Cette semaine, nous publions le texte de Christine Courcol, en réponse à la consigne d’écriture de Françoise Khoury, élaborée à partir du livre de Thomas Clerc « Intérieur », à retrouver ici
Cheval blessé
Massif, barbu, cheveux fournis, la soixantaine, toujours engoncé dans une pelisse et des bottes qui lui donnaient une allure d’homme des bois, il s’installait dès le petit matin sur son pliant au bord de la rue sillonnée par les voitures. Il faisait encore nuit, il était là, avec son drôle de cylindre en carton pour recueillir les oboles. Il était là même quand il pleuvait, abrité sous un petit parapluie.
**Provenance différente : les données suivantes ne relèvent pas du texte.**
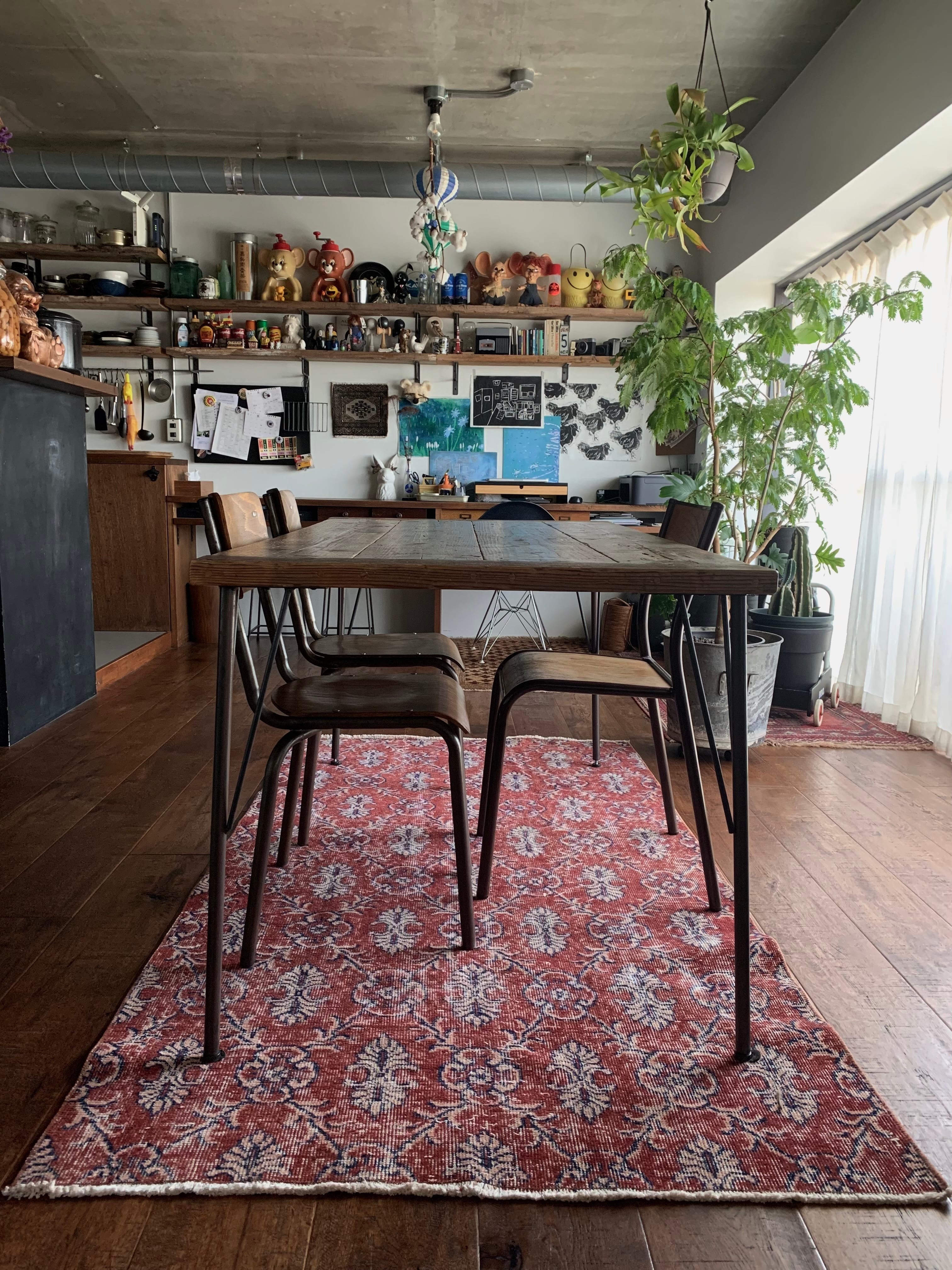 ✔︎手織りのヴィンテージラグの為、撓み、カスレ,糸の飛び出し修復などありますがどれもヴィンテージならではの風合いです。

Quoi que je fasse, il se trouvait sur mon chemin. Chaque fois que je passais devant lui, son regard brillait de plaisir, du moins je le croyais. Il me saluait, inclinant le buste, la main droite posée sur le cœur, sans un mot. Je lui souriais, disais « bonjour Monsieur » parce que c’était un vrai monsieur, mais je ne lui donnais rien, ne voulant pas entretenir avec lui un rapport commercial. Sauf une fois, avant Noël, où j’ai sorti un billet. Il n’a rien dit mais m’a offert un sourire radieux.
Les jours de mauvaise humeur, je traversais pour l’éviter. Ces jours-là, je m’en voulais de ma grossièreté. Je m’en voulais aussi, les autres jours, de vivre dans un appartement bien chauffé, alors que lui passait ses journées sur son pliant.
Comme le cheval blessé de Jacques Prévert, « il était là, il attendait ». C’était mon voisin le plus intime et le plus nécessaire, celui dont l’existence questionnait ma vie. Peu à peu, il m’est devenu indispensable. Et puis, un jour, sans me prévenir, il est parti.
Je le cherche des yeux dans toutes les rues, je ne sais même pas son nom. Il me manque.